DATA:

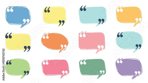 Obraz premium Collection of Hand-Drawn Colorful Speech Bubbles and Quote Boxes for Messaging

...

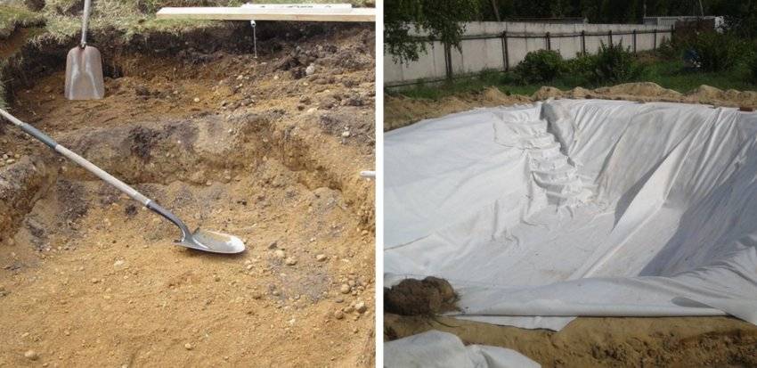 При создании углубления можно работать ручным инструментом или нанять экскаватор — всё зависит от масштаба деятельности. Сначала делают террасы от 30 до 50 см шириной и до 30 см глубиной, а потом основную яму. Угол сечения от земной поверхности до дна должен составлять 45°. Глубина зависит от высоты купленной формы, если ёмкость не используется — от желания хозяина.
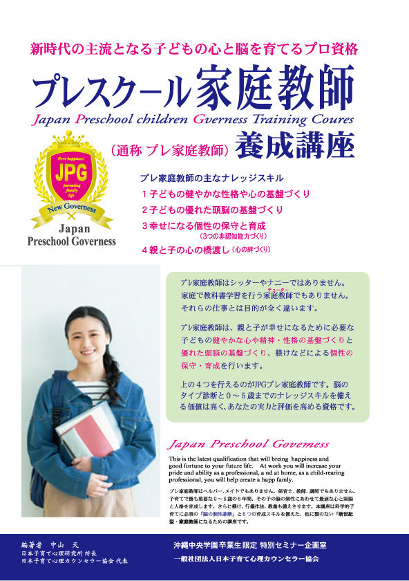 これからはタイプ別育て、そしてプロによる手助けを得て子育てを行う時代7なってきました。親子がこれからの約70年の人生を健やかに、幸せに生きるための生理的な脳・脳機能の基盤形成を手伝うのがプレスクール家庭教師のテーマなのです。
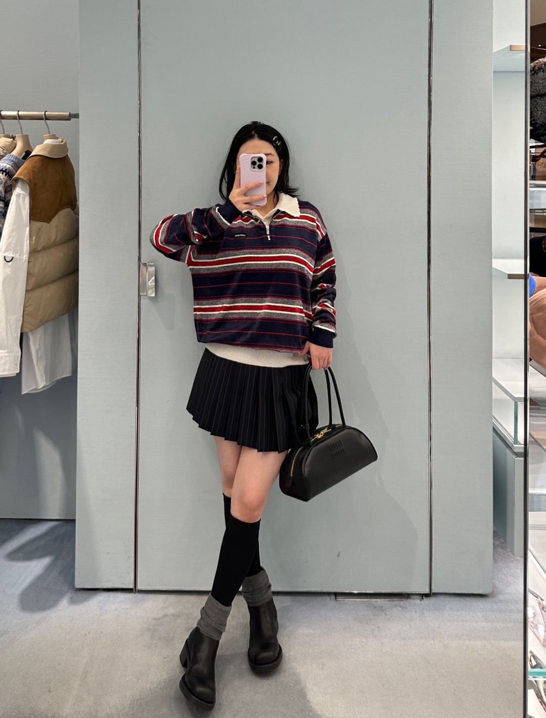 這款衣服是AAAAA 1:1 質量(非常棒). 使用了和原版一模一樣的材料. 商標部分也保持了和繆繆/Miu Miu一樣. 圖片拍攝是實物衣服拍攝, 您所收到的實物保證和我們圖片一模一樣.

==

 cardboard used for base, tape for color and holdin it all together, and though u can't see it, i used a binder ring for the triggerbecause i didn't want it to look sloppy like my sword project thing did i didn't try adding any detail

EXERCISE GOAL: Keep to the lines above from the line with "これからはタイプ別育て、そし" to the line with "這款衣服是AAAAA 1:1 質量(非常棒).", and set down exactly those, inclusive, with nothing else and every picture left out.

YOUR SOLUTION:
 これからはタイプ別育て、そしてプロによる手助けを得て子育てを行う時代7なってきました。親子がこれからの約70年の人生を健やかに、幸せに生きるための生理的な脳・脳機能の基盤形成を手伝うのがプレスクール家庭教師のテーマなのです。
 這款衣服是AAAAA 1:1 質量(非常棒). 使用了和原版一模一樣的材料. 商標部分也保持了和繆繆/Miu Miu一樣. 圖片拍攝是實物衣服拍攝, 您所收到的實物保證和我們圖片一模一樣.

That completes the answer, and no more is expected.